The sector-based teams are also aimed at creating efficiencies through the consolidation of highly technical knowledge – for example on how to deliver the specialist building services required in modern hospitals or laboratories. “We can shortcut some of the things we had to do around checking on projects and making sure that we’re doing the right thing, because now they’re all being supported by a common team and supported in the same way – so we’ve broken down those silos,” says Findlay.
The most tangible gain to be reaped through the restructure was, inescapably, the reduction in staff costs – with more than 30 back-office jobs made redundant.
“Within each regional business we had technical support, so were able to look at that technical support as a whole and resize that to be more efficient,” said Findlay. “So it is in that middle layer [that jobs were lost]… it was where we had a duplication of effort”.

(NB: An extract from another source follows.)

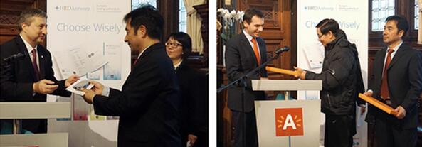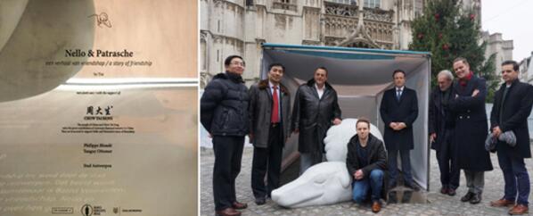 双方互赠礼物,相互表达美好的祝愿 这次钻石文化之旅的另一精彩行程,莫过于城市历史象征雕塑“尼洛与小狗”的揭幕。这座坐落于安特卫普市中心核心地段的雕塑,是由周大生珠宝赞助的“尼洛与小狗”(Nello & Patrasche)雕塑大赛的获选作品,雕塑基座上的中国名字“周大生”格外引人注目。周大生公司董事副总裁向钢先生、董事副总裁卞凌先生出席了雕塑落成典礼,并与安特卫普副市长以及雕塑设计师、创意者一同为雕塑揭幕,随后安特卫普市长对周大生珠宝赞助此次雕塑大赛促进两国文化交流表示了感谢。

In a strategic report that accompanied Sir Robert McAlpine’s accounts, More said the “adaptation and streamlining” of the company would save £20m a year once fully complete in 12 to 18 months’ time.
“A lower cost base will allow us to navigate the ongoing challenging economic environment, as well as to maximise operating margins, as the global economy recovers from the inflation- and energy-price shock that has impacted the past 12 months,” he added.

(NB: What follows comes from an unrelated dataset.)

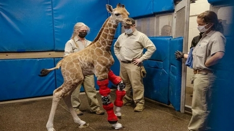 لكن لم تكن لديهم خبرة في تركيب طفل زرافة في الدعامة، ثبت أن ذلك يمثل تحديًا خاصًا نظرًا لأنها كانت طفلة جديدة يبلغ طولها 5 أقدام و 10 بوصات (178 سم) وتزداد طولًا كل يوم.

For the best part of a decade, Sir Robert McAlpine has sought to reduce losses by taking on more projects in sectors where clients shoulder a greater proportion of risk – with just under half of the company’s work being conducted through (typically lump-sum) design-and-build (D&B) contracts.
But the firm has taken on more and more work in the infrastructure and healthcare sectors, where the typical contract forms are NEC with target costs, rather than lump-sum.
It has also increased its construction management work (for example on the new Museum of London, where Sir Robert McAlpine is not on the hook for the £100m cost increase announced by the client in May).
“Those are three big sectors within the business that, while not derisked completely, are different risk modules to the hard-priced D&B,” said Findlay.
Obviously, all contractors would like to see greater profitability in the sector – the 1.7 per cent average profit margin seen across the CN100 last year was lower than most sectors and companies. Sir Robert McAlpine would like clients – especially government – to appreciate that building at the lowest cost doesn’t create maximum value for them or their suppliers.
“Successful projects are the ones where the client and the contractor work as a team to solve problems and you can’t do that when the contractor is trying to make up the money he hasn’t made in the tender because it was done on the lowest cost,” said Findlay.
“The government has tried really hard to [use] different procurement models, but it still ends up with preference for lowest cost and it drives behaviour to lowest cost. We need to change […] and we haven’t seen a lot of evidence of that yet.”